Wednesday, March 05, 2008

If the tearful skies and lugubrious winds of January are weighing upon you like lead, perhaps you would be well advised to counteract the gloom by exploring some of the country's incomparable treasures such as Bru na Bóinne or the Boyne Valley in royal county Meath. Access to the Boyne valley will be greatly improved soon as Rialtas na hÉireann proceeds unashamedly to bury 5000 years of civilisation under stone and concrete, enabling you to drive through the valley of Cnoc na Teamhrach, the Hill of Tara, at your leisure in your C02-loving SUV! Go n'éirí an bóthar leat! But you won't find a more lugubrious site in Ireland than the Boyne Valley in its present state.In spite of a campaign that has become global to reverse the decision to build the M3 motorway through one of the world's wonders, the Government's pertenacious desire to build this road can only be described as downright perverse. Despite the Government's best efforts, demonstrations against the routing of the M3 motorway are continuing. In a recent press release, the Tarawatch campaign revealed that the office of the Taoiseach tried to prevent the demonstrations of the Tarawatch campaign by officially denying them permission. Nevertheless, the demonstration went ahead. In order to symbolise the destruction of our national heritage, the campaigners made a model of the M3 motorway out of cloth and draped it over the Garden of Rememberance in Dublin.
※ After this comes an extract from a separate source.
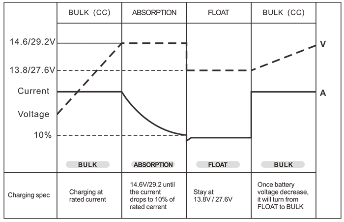 பேட்டரி கட்டுப்பாடு (3-நிலை பேட்டரி சார்ஜர்கள்) மொத்த / உறிஞ்சுதல் / மிதவை

Cait O Riardan from the Pogues and Mary Lou Macdonald from Sinn Féin attended the demonstration as guest speakers.In spite of it being named one of the top ten archeological finds of 2007 by Archeology magazine published by the Archeology Institute of America, the Government has obtusely refused to halt the destruction of the Lios an Mhuillean site in the Tara Skryne Valley. The dishonest and disengenuous stance of the Government is attested by the fact that they moved the destruction date for Lissmullen back to December 18 in a surrepticious attempt to avoid conflict with the Tarawatch campaigners. Instead the NRA handed over the site to the construction company SIAC on December 18. Minister for the Environment and Heritage John Gormely will come in for tough questioning from the Tarawatch campaign about this controversial decision to move the handover date back to before Christmas. Speaking at the recent demonstration in the Garden of Rememberane, Mary Lou Macdonald was vociferous in her condemnation of Gormely's position on the Tara valley project.

"The Minister has flouted EU law since he came into office, by refusing to conduct a dew Environmental Impact Assessment on Tara.
"The Green Party Minister for the Environment has completely adopted the Fianna Fail position and rejected demands by Environment Commissioner, Stavros Dimas, to re-assess the damage being done to heritage there." she said.
While Vincent Salafia of TaraWatch said:
"Not only is Minister Gormley lying about having the power to order a new assessment, but he appears to have given false information to the public about the date of the transfer of Lismullin, in order to facilitate demolition over the holidays.
"The lawsuit being taken by the European Commission could cost the taxpayer tens of millions of euros in fines, and it is the Minister’s duty to avoid these penalties."
Perhaps 2008 will be a year of introspection for the Government and the average Irish citizen. With the Achilles heal of the Irish economy, namely the construction sector in obvious decline, together with a looming recession in the USA, it is time to take stock of the importance of culture and heritage before it is too late. If nothing else, the Tara Skryne Valley serves to show us that although the life of man is short, nasty and brutish, his wretched sojourn upon the earth is redeemed by the works of art he leaves behind, filling us with wonder and enjoining us to think in the words of Shakespeare's Hamlet that there are more things in heaven and earth than are dreamt of in our philosophies. Much damage has already been done but if the national monuments that challenge the complacency of the present with the imprint of the past are erased, what will we have to reflect upon, where will we look for answers to the big questions, the questions of our origins, of who we were, who we are and who we might be in the future?